El  mundo nos ofrece cada día mil oportunidades, mil situaciones para que tomemos las riendas de nuestro propio destino. La vida nos entrega un libro en blanco para ser escrito, para ser contado. Este libro en blanco es susceptible de ser escrito en el color que nos guste, hacer borrones, cortar páginas, pues sus posibilidades son infinitas. A veces, ante el libro en blanco sentimos el miedo del escritor de quedarse sin inspiración, y preferimos contar con la seguridad de aquello que nos “conviene” a arriesgarnos a lo desconocido y que nos llama a lo lejos.

De repente, el corazón se nos desboca al  no poseer la totalidad de nuestros anclajes de seguridad, y necesitamos llenarnos de metas,  rutinas, detalles, para estar unidos a esta vida de una manera más que segura, pues nos aterra el hecho de sentirnos con la totalidad de la libertad de elección…. O con la responsabilidad de esta libertad.

Esta libertad que el universo nos ofrece, es un abanico de posibilidades que acarrea responsabilidad. Y ser responsables de nuestro propio destino, si no nos da un poco de miedo, es que no somos humanos. Pues ante esto no podemos excusarnos en la frase típica de pobrecito de mí.

El pensamiento de la elección de destino es muy cruel bajo ciertas circunstancias, pero no quiero meterme en la discusión de aquello que nos viene dado o estipulado (que también marca nuestro carácter) como en las infinitas posibilidades que el universo nos ofrece al levantarnos cada día. Y cómo somos nosotros mismos los que tomamos las decisiones al respecto. Claro que, con nuestras limitaciones marcadas de antemano. Pero somos nosotros mismos los que nos imponemos muchas más limitaciones.

Cuando digo que elegimos nuestro propio destino, estoy manifestando que nuestro paso hacia delante, que a veces creemos que es al vacío, nos ofrece la posibilidad de un cambio. Nos abre la puerta a que lo nuevo entre en nuestra vida, y la llene de magia. Y sobre todo nos enseña que el mayor apoyo que tenemos no lo vemos, y que estamos totalmente protegidos.
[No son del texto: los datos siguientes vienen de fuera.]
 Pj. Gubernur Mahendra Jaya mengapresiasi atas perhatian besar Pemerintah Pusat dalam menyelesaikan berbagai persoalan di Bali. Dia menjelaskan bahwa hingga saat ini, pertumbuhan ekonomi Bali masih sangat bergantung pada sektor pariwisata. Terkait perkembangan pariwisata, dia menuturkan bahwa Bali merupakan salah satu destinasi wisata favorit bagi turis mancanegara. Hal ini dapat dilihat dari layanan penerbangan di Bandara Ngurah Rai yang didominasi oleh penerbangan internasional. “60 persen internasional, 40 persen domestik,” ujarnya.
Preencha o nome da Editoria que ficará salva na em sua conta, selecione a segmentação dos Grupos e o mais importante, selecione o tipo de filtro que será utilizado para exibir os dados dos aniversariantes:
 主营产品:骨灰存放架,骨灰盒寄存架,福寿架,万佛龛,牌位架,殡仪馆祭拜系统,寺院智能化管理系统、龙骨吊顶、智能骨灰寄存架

Acabamos de entrar en un año nuevo, y como siempre, el contador vuelve a empezar, infinitas posibilidades ante nosotros y mil ideas que crear y experiencias por vivir.
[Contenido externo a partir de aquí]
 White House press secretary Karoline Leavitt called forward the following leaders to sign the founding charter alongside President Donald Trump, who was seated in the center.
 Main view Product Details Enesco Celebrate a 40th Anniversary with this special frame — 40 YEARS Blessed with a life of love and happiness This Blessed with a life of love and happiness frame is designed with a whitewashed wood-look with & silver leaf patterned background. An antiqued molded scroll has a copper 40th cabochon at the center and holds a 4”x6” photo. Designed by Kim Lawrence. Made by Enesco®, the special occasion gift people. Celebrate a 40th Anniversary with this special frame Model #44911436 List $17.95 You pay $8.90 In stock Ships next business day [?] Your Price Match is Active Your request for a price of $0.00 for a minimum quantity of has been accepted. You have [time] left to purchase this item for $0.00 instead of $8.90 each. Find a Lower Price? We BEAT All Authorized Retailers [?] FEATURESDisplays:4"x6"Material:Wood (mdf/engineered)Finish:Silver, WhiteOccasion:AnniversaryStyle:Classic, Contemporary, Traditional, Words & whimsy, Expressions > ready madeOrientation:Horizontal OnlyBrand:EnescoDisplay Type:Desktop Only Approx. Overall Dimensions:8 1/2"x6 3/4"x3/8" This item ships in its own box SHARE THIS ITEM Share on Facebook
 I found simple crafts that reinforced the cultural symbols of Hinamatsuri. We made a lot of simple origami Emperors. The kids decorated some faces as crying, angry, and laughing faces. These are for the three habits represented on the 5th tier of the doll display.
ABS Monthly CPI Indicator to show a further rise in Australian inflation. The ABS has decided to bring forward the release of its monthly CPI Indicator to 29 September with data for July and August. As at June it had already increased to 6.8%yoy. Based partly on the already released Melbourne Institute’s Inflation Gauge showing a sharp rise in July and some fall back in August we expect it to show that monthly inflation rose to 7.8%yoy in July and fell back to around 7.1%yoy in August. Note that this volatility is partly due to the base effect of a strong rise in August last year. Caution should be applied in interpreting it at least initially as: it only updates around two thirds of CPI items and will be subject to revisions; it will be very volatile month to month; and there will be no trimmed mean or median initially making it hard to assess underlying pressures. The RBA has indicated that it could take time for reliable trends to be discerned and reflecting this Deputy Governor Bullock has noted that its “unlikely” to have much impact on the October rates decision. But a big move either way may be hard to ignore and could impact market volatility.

Deseo realmente que todos seamos capaces de tomar la responsabilidad de construir nuestro propio destino y disfrutar de él.

Cuando nuestra alma elige un lugar donde viajar, elige también su destino  (un pequeño juego de palabras, más importante que una simple ocurrencia).

Un ejemplo terrenal para visualizarlo: No es lo mismo decidir ir a un lugar agreste o helado o desértico, que a un lugar caluroso, sabrosón o relajante. Nuestro destino nos traerá alguna nueva experiencia. Un ejemplo más espiritual para nuestro tema: No es lo mismo una energía telúrica de fuerte carga terrestre, que te revitalice el chacra base, a conectar con una energía más sutil y elevada que te conecte con el chacra corona. Y por supuesto, cómo no, si queremos romper las corazas que invaden nuestro corazón y sentir su energía, elegiremos de otra manera el destino, y a nuestro regreso, no sólo habremos cambiado sino que habremos revitalizado todo nuestro ser.

Siempre estoy escribiendo artículos sobre lugares, lugares que considero especiales o mágicos. También escribo sobre formas de viajar, sobre cómo un lugar nos cambia el viaje…. pareciendo que siempre le doy más importancia al lugar que al viajero . Pero no es así. El viajero, es la parte más importante de un viaje, pues en él sobrevivirá por siempre la esencia del lugar (sabiendo todo lo importante que es para mí la energía del lugar de poder que nos escoge para el viaje).

Escuché hace poco, que los recuerdos perviven más tiempo en las emociones, así supongo también que transmitimos mejor al Universo.

El viajero, al escuchar una llamada o salir volando a un lugar en concreto, escoge por sí mismo el destino (aunque muchas veces nos gusta más sentirnos nosotros los elegidos)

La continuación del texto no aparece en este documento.